--- Given data Enclosed Below ---
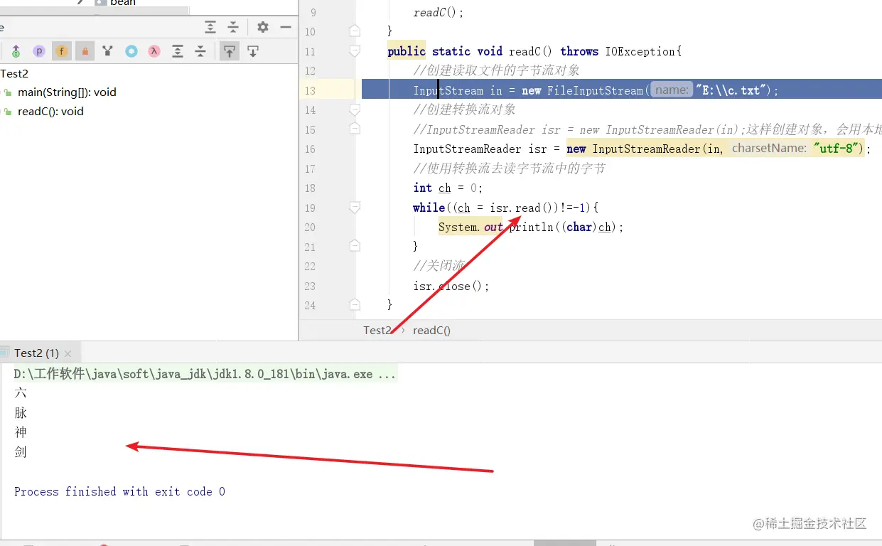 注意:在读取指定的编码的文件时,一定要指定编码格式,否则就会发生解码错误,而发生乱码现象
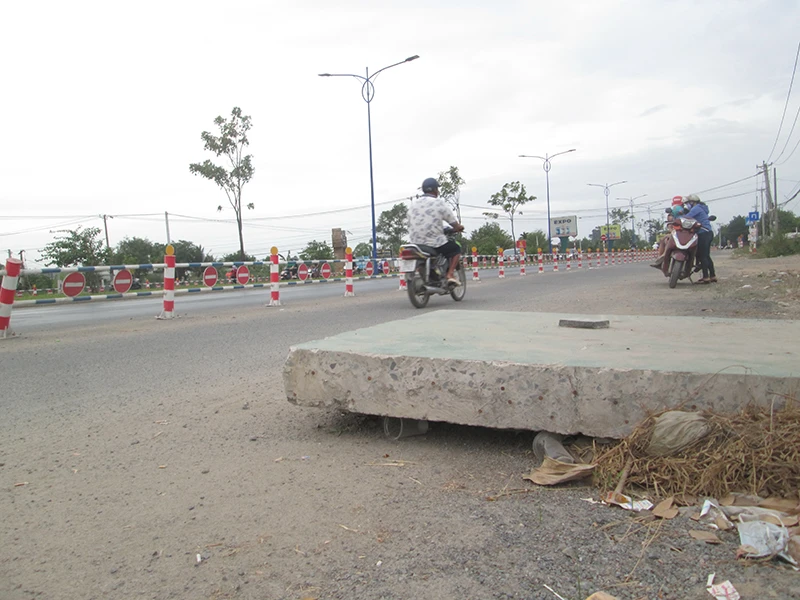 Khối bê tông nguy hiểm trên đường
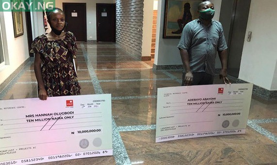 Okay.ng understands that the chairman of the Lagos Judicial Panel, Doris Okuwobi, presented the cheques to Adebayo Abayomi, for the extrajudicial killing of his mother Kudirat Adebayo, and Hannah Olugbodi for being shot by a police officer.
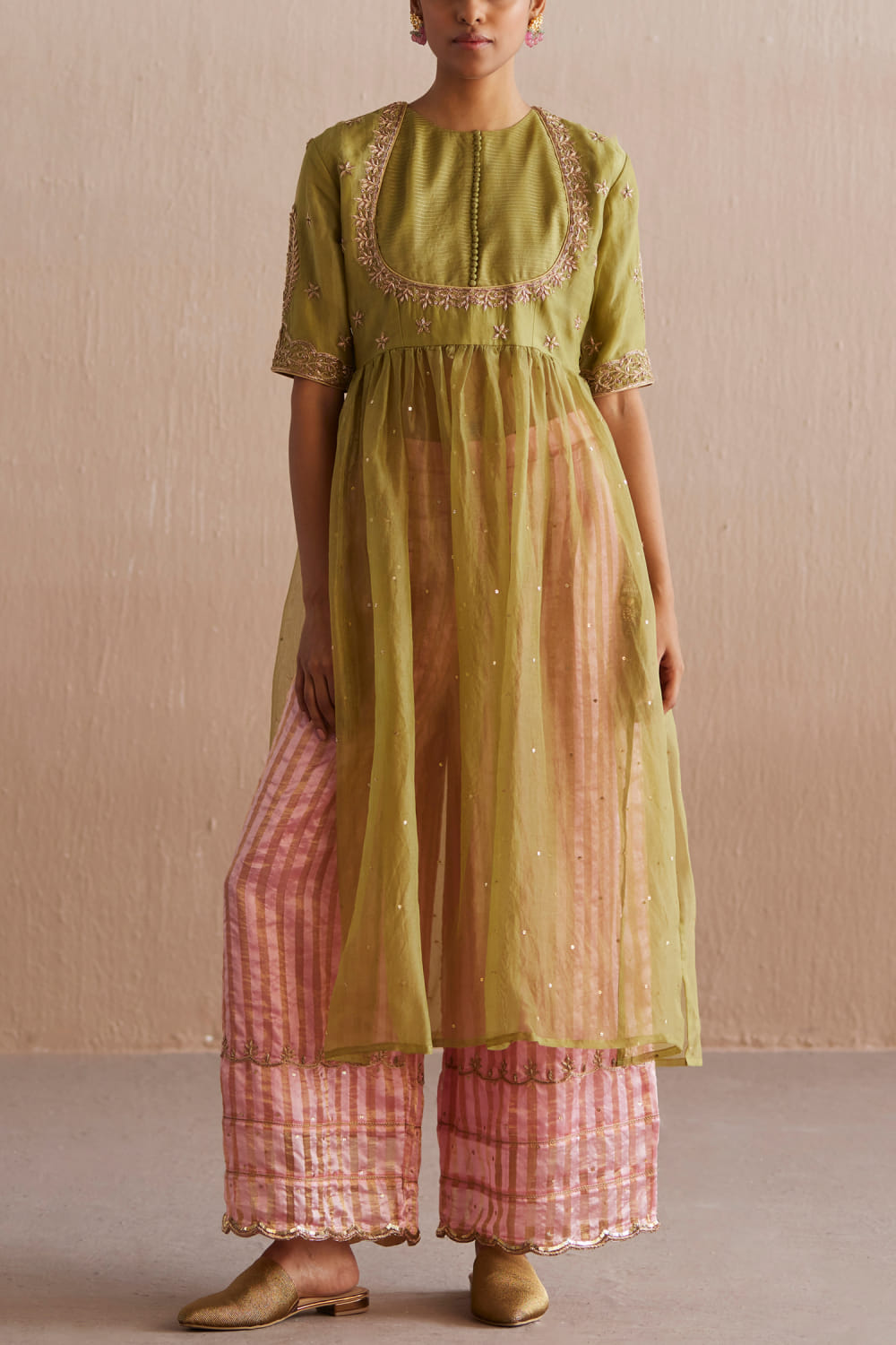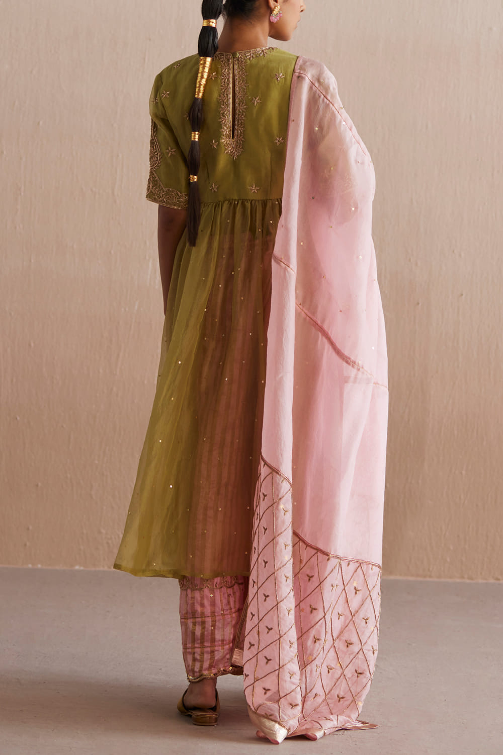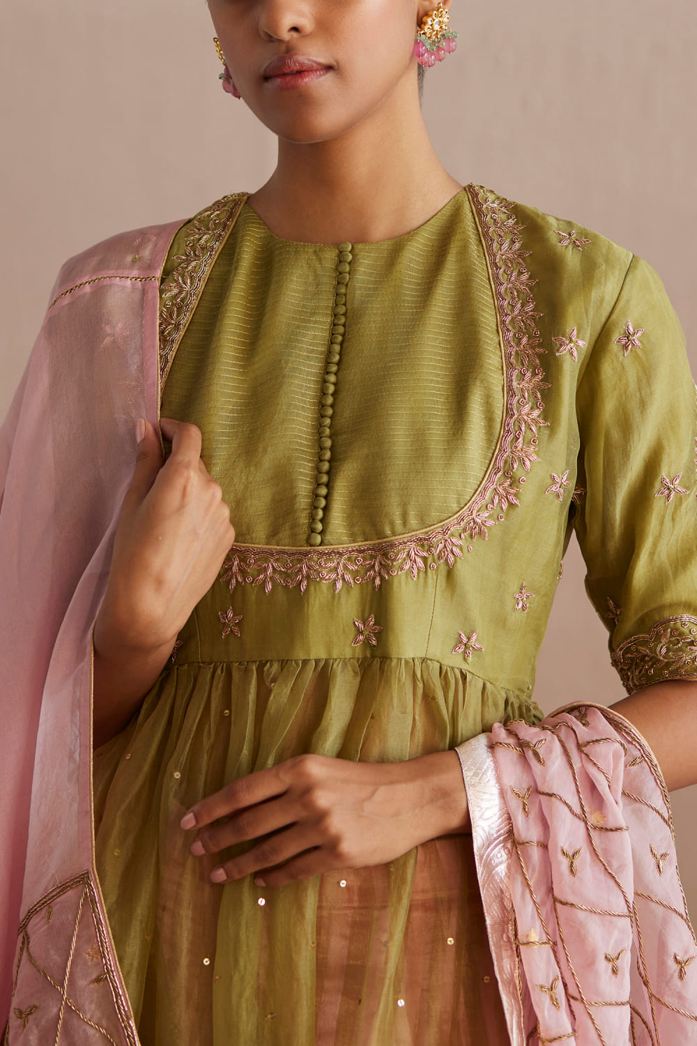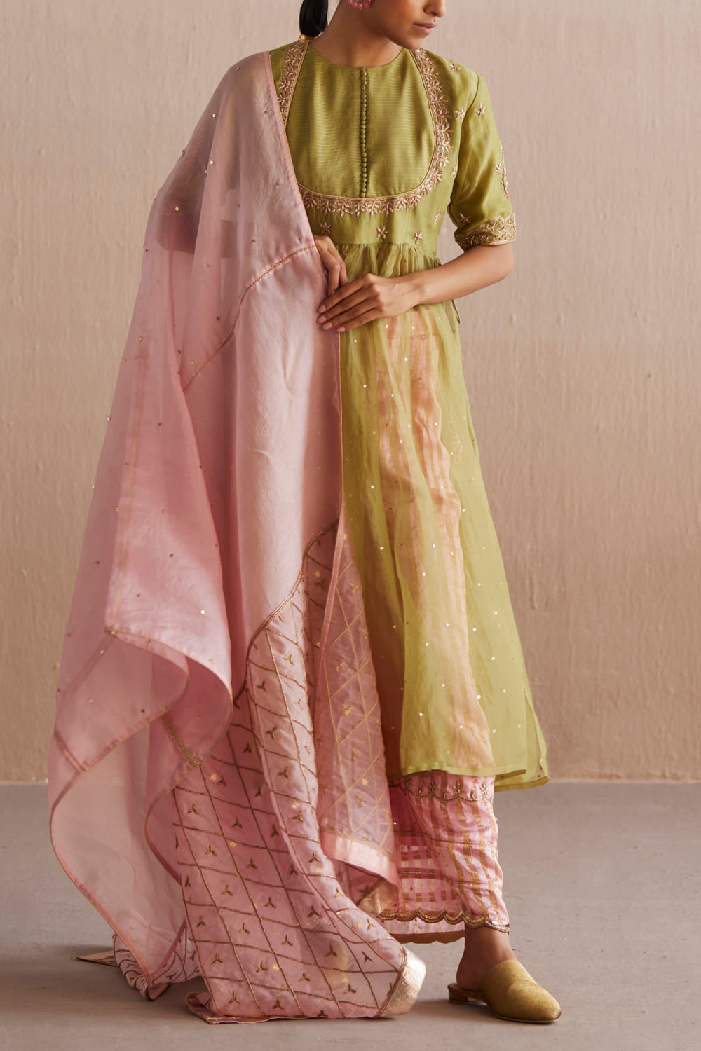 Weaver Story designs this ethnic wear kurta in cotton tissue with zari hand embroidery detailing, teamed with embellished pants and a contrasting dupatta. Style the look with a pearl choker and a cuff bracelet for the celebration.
--- End of Enclosed Given data ---
* _Work request_
If pictures appear in the data, omit them and copy all other parts exactly.

* _Solution to this task_
 注意:在读取指定的编码的文件时,一定要指定编码格式,否则就会发生解码错误,而发生乱码现象
 Khối bê tông nguy hiểm trên đường
 Okay.ng understands that the chairman of the Lagos Judicial Panel, Doris Okuwobi, presented the cheques to Adebayo Abayomi, for the extrajudicial killing of his mother Kudirat Adebayo, and Hannah Olugbodi for being shot by a police officer.
 Weaver Story designs this ethnic wear kurta in cotton tissue with zari hand embroidery detailing, teamed with embellished pants and a contrasting dupatta. Style the look with a pearl choker and a cuff bracelet for the celebration.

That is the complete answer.